Banach Fixed Point Theorem: Consider a metric space $X = (X, d)$, where $X\neq \varnothing$. Suppose that $X$ is complete and let $T: X \to X$ be a contraction on $X$. Then $T$ has precisely one fixed point $\tilde{x}$. Furthermore, for any $x_0\in X$ we have $\tilde{x}=\lim\,x_n$ where $(x_n)$ is given by $x_1=x_0$ and $x_{n+1}=T(x_n)$.

Problem: Using Banach's theorem, set up an iteration process for solving $f(x) = 0$ if $f$ is continuously differentiable on an interval $J = [a,b]$, $f(a)<0<f(b)$ and $0<k_1\leq f'(x)\leq k_2$ ($x\in J$); use $g(x) = x-\lambda f(x)$ with a suitable $\lambda$. (This exercise was taken of Kreyszig's Functional Analysis book).

What I have tried: if we take $$\lambda=\left\{\frac{1}{2k_1},\frac{1}{2k_2}\right\}>0$$ and $\alpha=1-\lambda k_1\in(0,1)$ then (by Mean Value Theorem in $g$) we get $$|g(x)-g(y)|\leq\alpha|x-y|$$ for all $x,y\in[a,b]$. Hence, with this choose for $\lambda$ the function $g:[a,b]\to\mathbb{R}$ becomes a contraction on the metric space $[a,b]$. However, to use Banach's Theorem it's necessary to get $g([a,b])\subset[a,b]$. It seems my choice for $\lambda$ doesn't implies it. So, I need help.

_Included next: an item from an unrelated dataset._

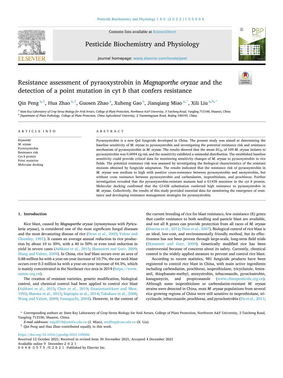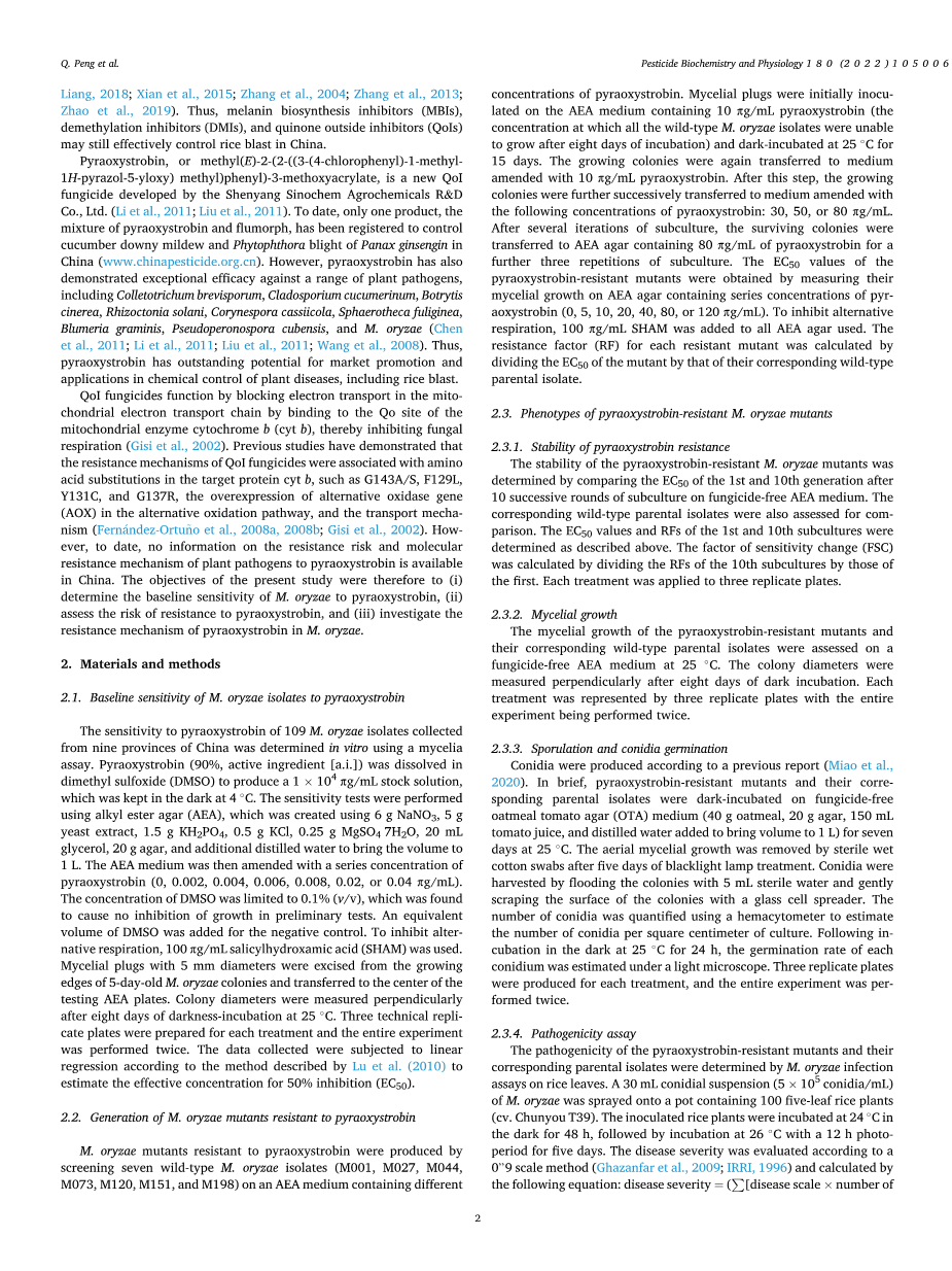 QoI杀菌剂通过结合线粒体酶细胞色素b(cyt b)的Qo位点阻断线粒体电子传递链中的电子传递,从而抑制真菌呼吸。研究表明,Qol杀菌剂的抗性机制与目标蛋白cyt b中的氨基酸替换有关,如G143A/S、F129L、Y131C和G137R,以及选择性氧化途径中选择性氧化酶基因(AOX)的过度表达以及运输机制。然而,迄今为止,在中国还没有关于植物病原菌对唑菌酯的抗性风险和分子抗性机制的信息。因此,本研究的目的是(i)确定稻瘟病菌对吡咯烷酮的敏感性,(ii)评估对吡咯烷酮的抗性风险,以及(iii)研究稻瘟病菌对吡咯烷酮的抗性机制。

  • $\begingroup$ $g([a,b]) \subset [a,b]$ is a further condition that may require choosing a smaller $\lambda$. Try to show that you have $g([a,b]) \subset [a,b]$ for all small enough $\lambda > 0$ by the compactness of $[a,b]$ and the continuity of $H(x,\lambda) = x - \lambda f(x)$. $\endgroup$ – Daniel Fischer Nov 8 '13 at 20:42
  • $\begingroup$ Should the inequality with $k_1$ and $k_2$ have $f'(x)$ instead of $f(x)$? $\endgroup$ – user103402 Nov 9 '13 at 6:07
  • $\begingroup$ @user103402 Yes. $\endgroup$ – Pedro Nov 9 '13 at 21:44
  • $\begingroup$ @DanielFischer By the compactness of $[a,b]$ and the continuity of $H$ we can conclude that $H$ attains maximum and minimum in $[a,b]$. Is this property of $H$ that should we use? How? $\endgroup$ – Pedro Nov 10 '13 at 0:39

You want to have $ x-\lambda f(x)\ge a$ for all $x\in [a,b]$. This is equivalent to $$ f(x) \le \lambda^{-1} (x-a), \quad x\in [a,b] \tag{1} $$ By assumption, $f<0$ in some neighborhood $[a,a+\epsilon)$; in particular, (1) holds there no matter what (positive) $\lambda$ you take. Outside of this neighborhood, the right hand side of (1) is at least $\lambda^{-1}\epsilon$. Choose $\lambda$ so that $$\lambda^{-1}\epsilon>\max_{[a,b]} f$$ and you are done.

The other inequality, $ x-\lambda f(x)\le b$, is similar.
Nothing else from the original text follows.